## WHAT THE TASK ASKS
Give back the whole listing verbatim, printing none of its pictures.

## GIVEN INFORMATION

--- START ---

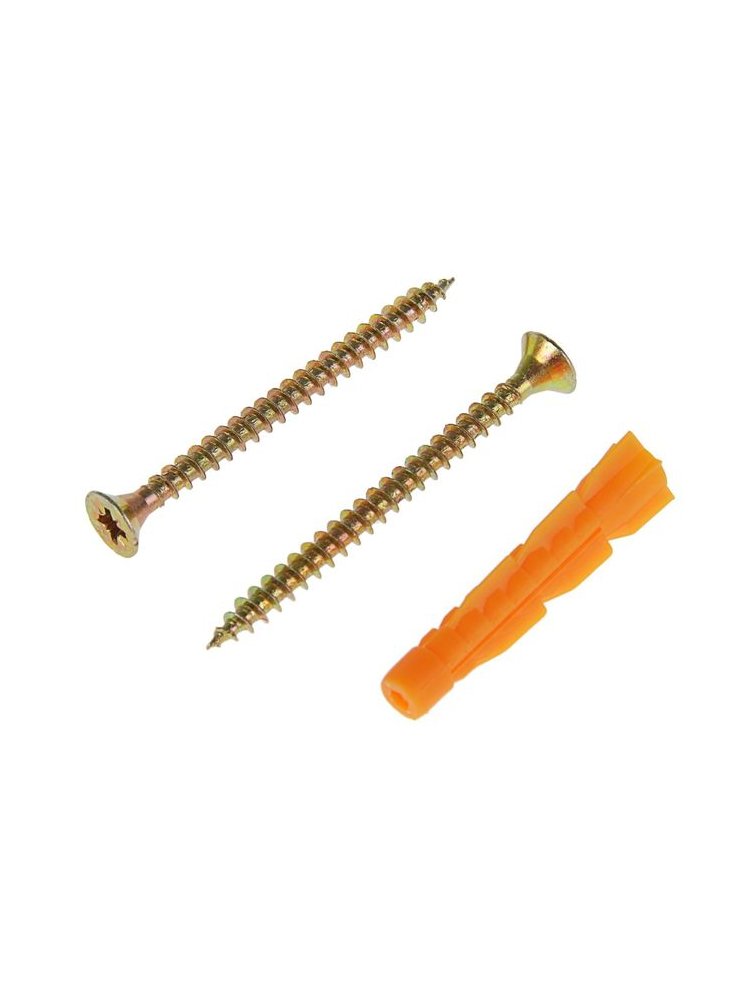 - Комплект: 6 саморезов 6,0×80 мм с потайной головкой и 6 универсальных дюбелей 10×61 мм
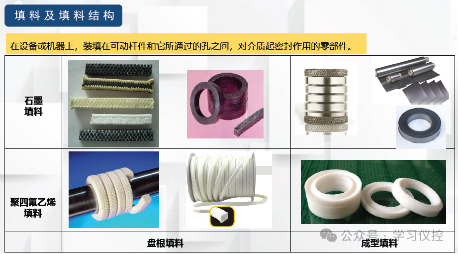 聚四氟乙烯填料:聚四氟乙烯填料有2种,一种是用聚四氟乙烯分散树脂做成的,另一种是用聚四氟乙烯悬浮树脂割裂纤维为主体材料做成的,前者较软,后者硬,两种耐腐蚀性能相同,使用温度-40~200摄氏度,颜色为白色。
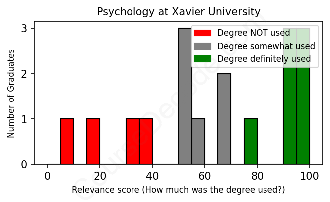 The verdict? Slightly below average. Overall, with an average relevance score of 64%, Psychology graduates from Xavier University have a slightly lower likelihood (-3%) of finding work in this field compared to the average graduate across all fields:
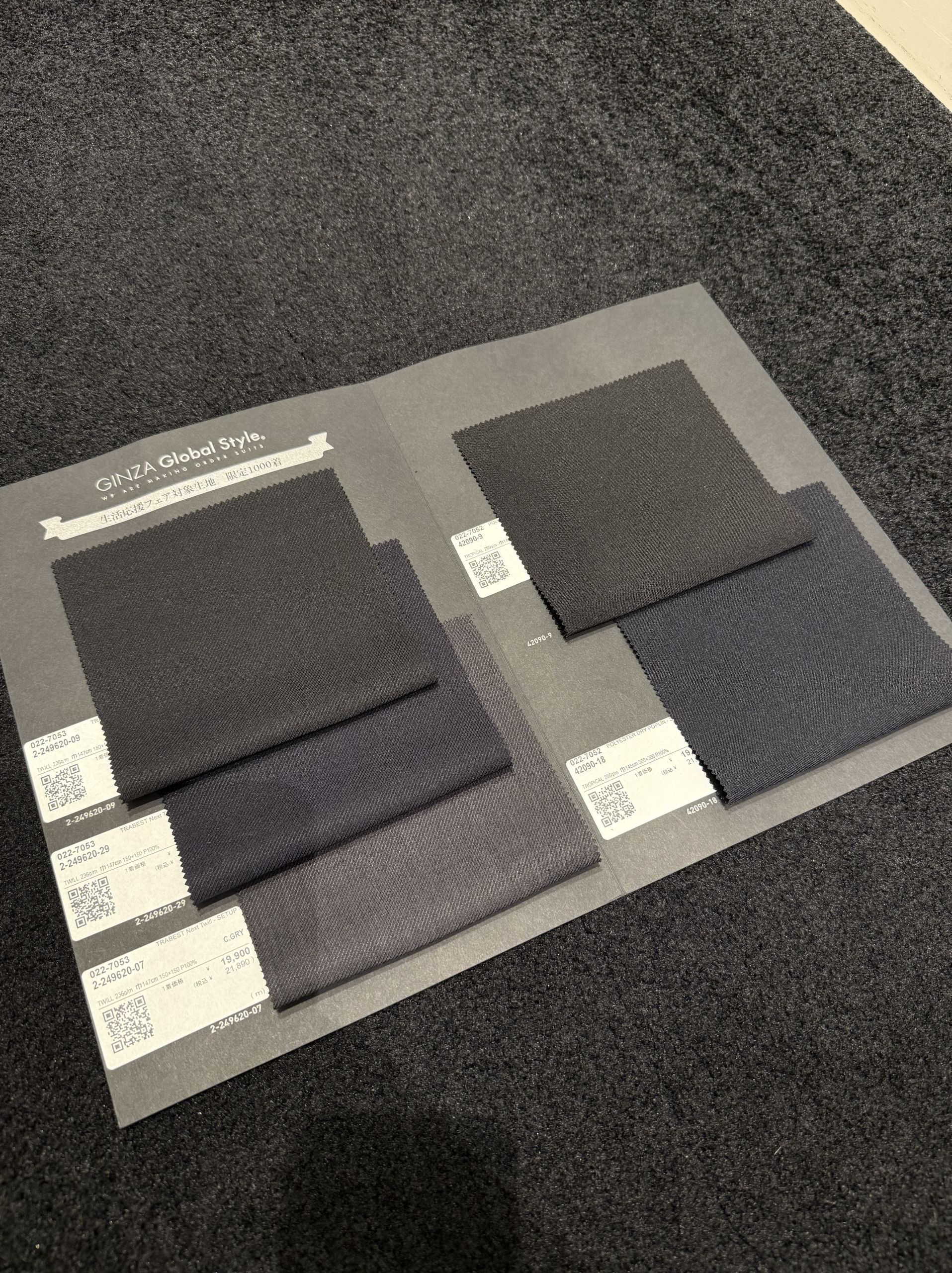 店頭にて実際の生地やモデルをご覧いただけますので

--- END ---

## RESPONSE TO THE TASK
 - Комплект: 6 саморезов 6,0×80 мм с потайной головкой и 6 универсальных дюбелей 10×61 мм
 聚四氟乙烯填料:聚四氟乙烯填料有2种,一种是用聚四氟乙烯分散树脂做成的,另一种是用聚四氟乙烯悬浮树脂割裂纤维为主体材料做成的,前者较软,后者硬,两种耐腐蚀性能相同,使用温度-40~200摄氏度,颜色为白色。
 The verdict? Slightly below average. Overall, with an average relevance score of 64%, Psychology graduates from Xavier University have a slightly lower likelihood (-3%) of finding work in this field compared to the average graduate across all fields:
 店頭にて実際の生地やモデルをご覧いただけますので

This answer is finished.